As President Donald Trump and House speaker Paul Ryan spoke on the phone Thursday morning, hours before the House would vote on the American Health Care Act, they discussed an idea: If the bill passed, Ryan and a group of House Republicans would travel to the White House for a post-vote statement in the Rose Garden.
It passed, and they did. Following Thursday's 217-213 vote on the AHCA, Ryan, majority leader Kevin McCarthy, majority whip Steve Scalise, and 60 or so other House Republicans jumped on shuttles at the Capitol that took them up Pennsylvania Avenue to the White House. Trump, Vice President Mike Pence, HHS secretary Tom Price (recently a member of the House himself), and Centers for Medicare and Medicaid Services administrator Seema Verma joined the group to tout the bill's passage.

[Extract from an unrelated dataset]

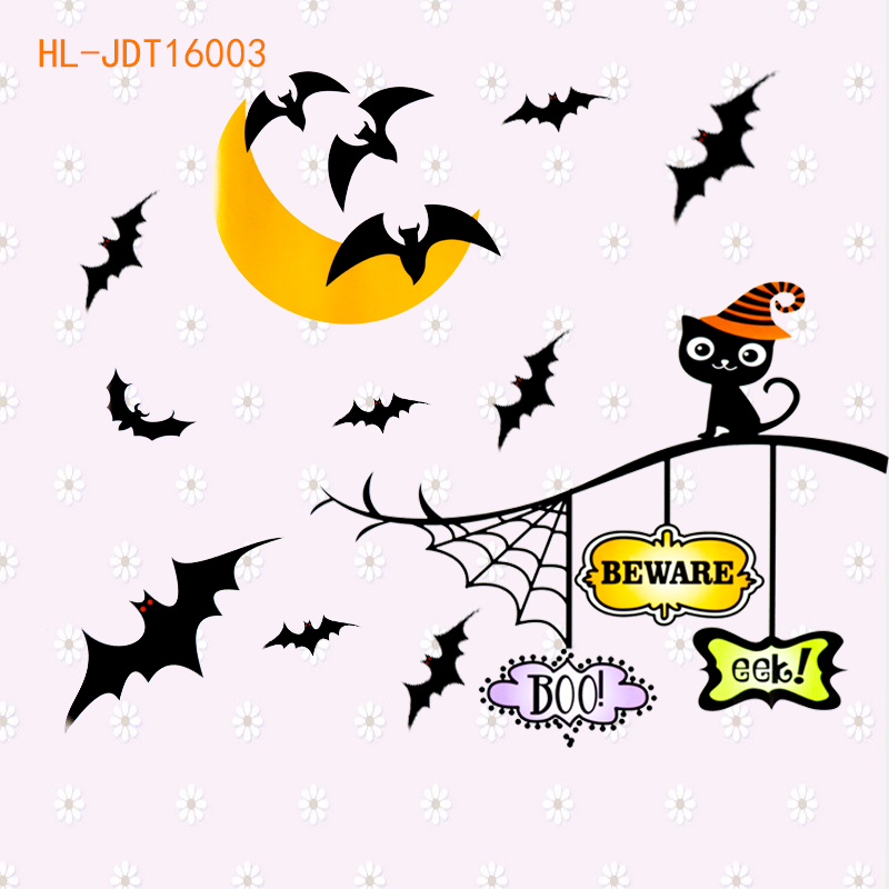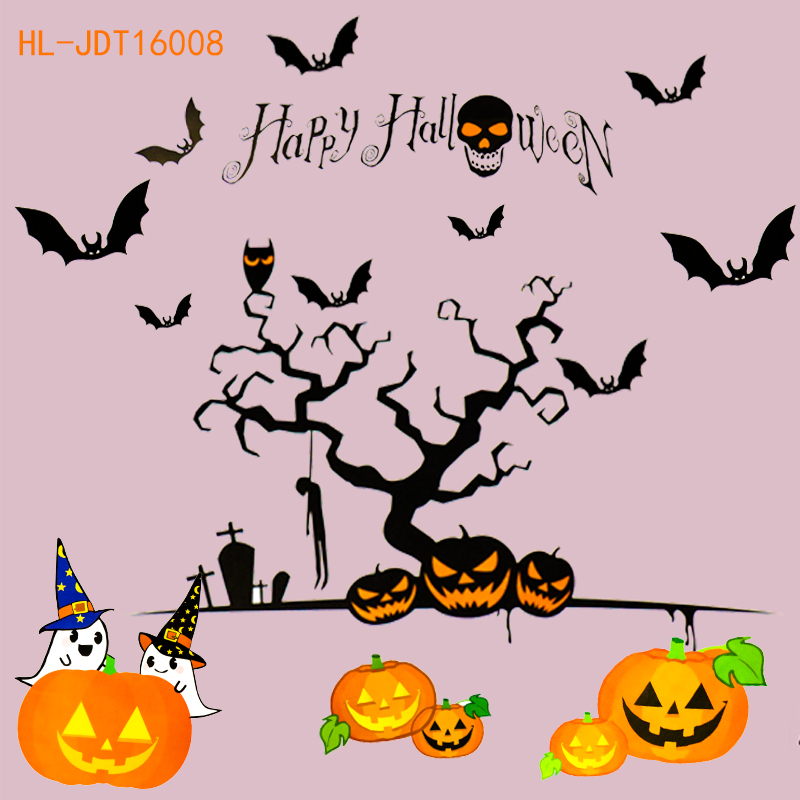 Halloween Decorations Glass Sticker Painting Mall Shop Window School Dining Room Stickers Pumpkin Witch Ghost Cartoon Wall Sticker

Neither the White House nor Ryan's office will confirm whose idea it was to hold a victory celebration. The event had Trump's name written all over it, with all the fanfare of a bill signing. But the Senate has yet to take up the House bill and numerous changes are expected in order to pass the upper chamber.
Pence introduced the group to the crowd of seated White House staff and reporters. "Welcome to the beginning of the end of Obamacare," he said. Trump delivered a short speech, followed by remarks from Ryan, McCarthy, Scalise, and a seemingly endless cast of the Republicans spilling off the podium.
The festive mood at the White House underscored how significant Thursday's vote was—it was the first significant legislative victory for the Trump administration. After March's aborted vote on the bill, any major health-care legislation looked dead. But Trump, Pence, Ryan, White House chief of staff Reince Priebus, and White House legislative affairs director Marc Short helped resurrect the bill, assisted by an amendment authored by the very conservative Mark Meadows and the moderate Tom McArthur that brought both sides together with the rest of the conference.